START Source data

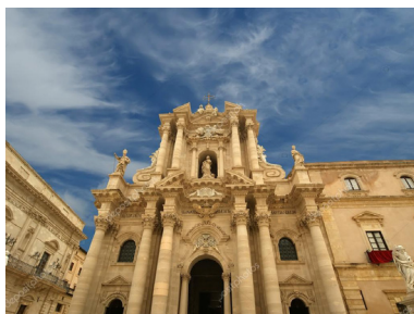
Katedralen i Syrakusa

Dag fyra far vi till Etna som är Europas högsta aktiva vulkan. Vi provar viner och äter lunch på en lokal vingård innan vi återvänder till Naxos. Kvällen fri.
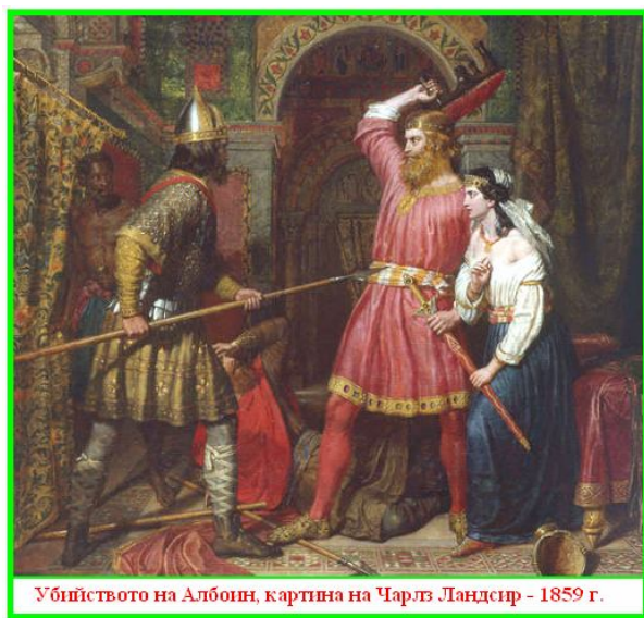
Убийството на Албоин, картина на Чарлз Ландсип - 1859 г.

Съгласно Марий Аваншки (епископ на Авентикум, сега Аванш в Швейцария), настъплението на лангобардите в Италия на 20-21 септември 569 г. За кратко време лангобардите завоюват почти цяла северна и средна Италия, или земите които малко преди това са разорени от войната на Юстиниан с остготите. Във Фриули Албоин основава първото на територията на Италия лангобардско княжество - Фриулското херцогство и назначава за негов управник, племеника си Гизулф. В 569 г. е покорена Верона, Милано и земите до Триент (Триенто в обл.Трентино). Градовете които се съпротивлявали бивали разграбвани, докато доброволно предалите се като Тревизо и Виченца, не се подлагали на насилие. Като цяло лангобардското завладяване е по-
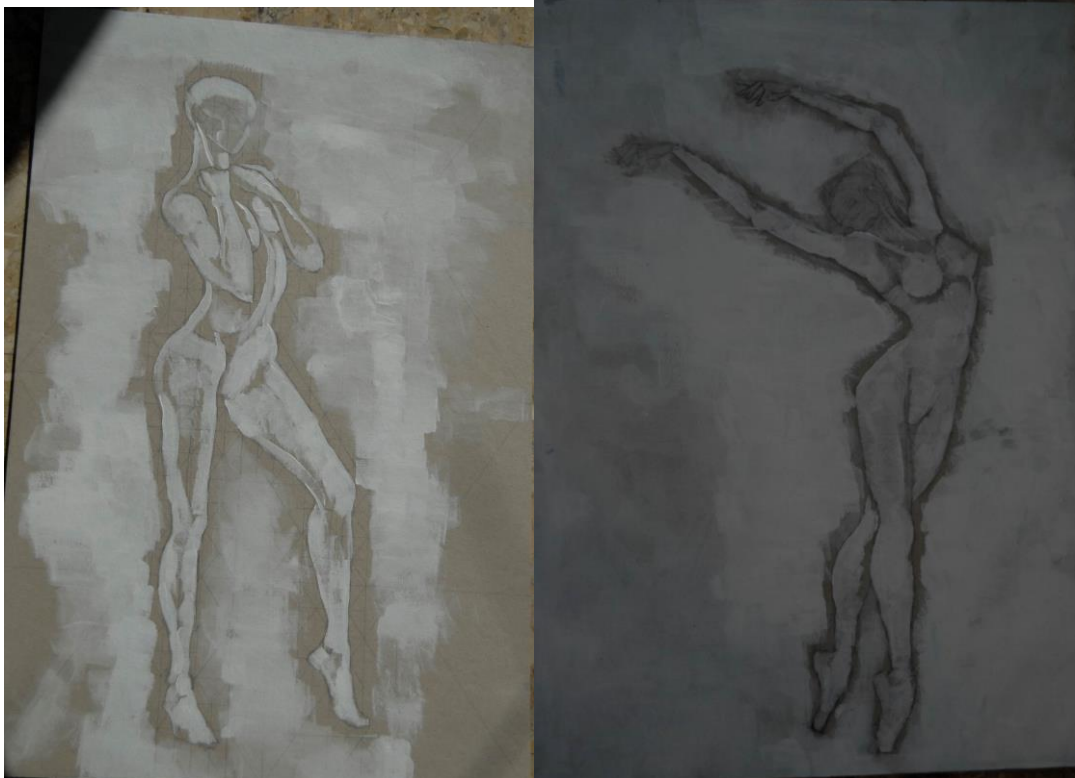
Slika 9, Rad

Osnova za početak izrade balerine kao figure je tehnika olovke, i to u obliku aktova. Zatim je cijeloj slici dana bijela podloga. Nakon podloge su figure oslikane lagano rozom bojom ili bojom kože za isticanje osnovne anatomije tijela.

END Source data

* **Required work**: Whenever a line includes the word "Албоин", pull it out of the entries.

* **The answer**:
Убийството на Албоин, картина на Чарлз Ландсип - 1859 г.
Съгласно Марий Аваншки (епископ на Авентикум, сега Аванш в Швейцария), настъплението на лангобардите в Италия на 20-21 септември 569 г. За кратко време лангобардите завоюват почти цяла северна и средна Италия, или земите които малко преди това са разорени от войната на Юстиниан с остготите. Във Фриули Албоин основава първото на територията на Италия лангобардско княжество - Фриулското херцогство и назначава за негов управник, племеника си Гизулф. В 569 г. е покорена Верона, Милано и земите до Триент (Триенто в обл.Трентино). Градовете които се съпротивлявали бивали разграбвани, докато доброволно предалите се като Тревизо и Виченца, не се подлагали на насилие. Като цяло лангобардското завладяване е по-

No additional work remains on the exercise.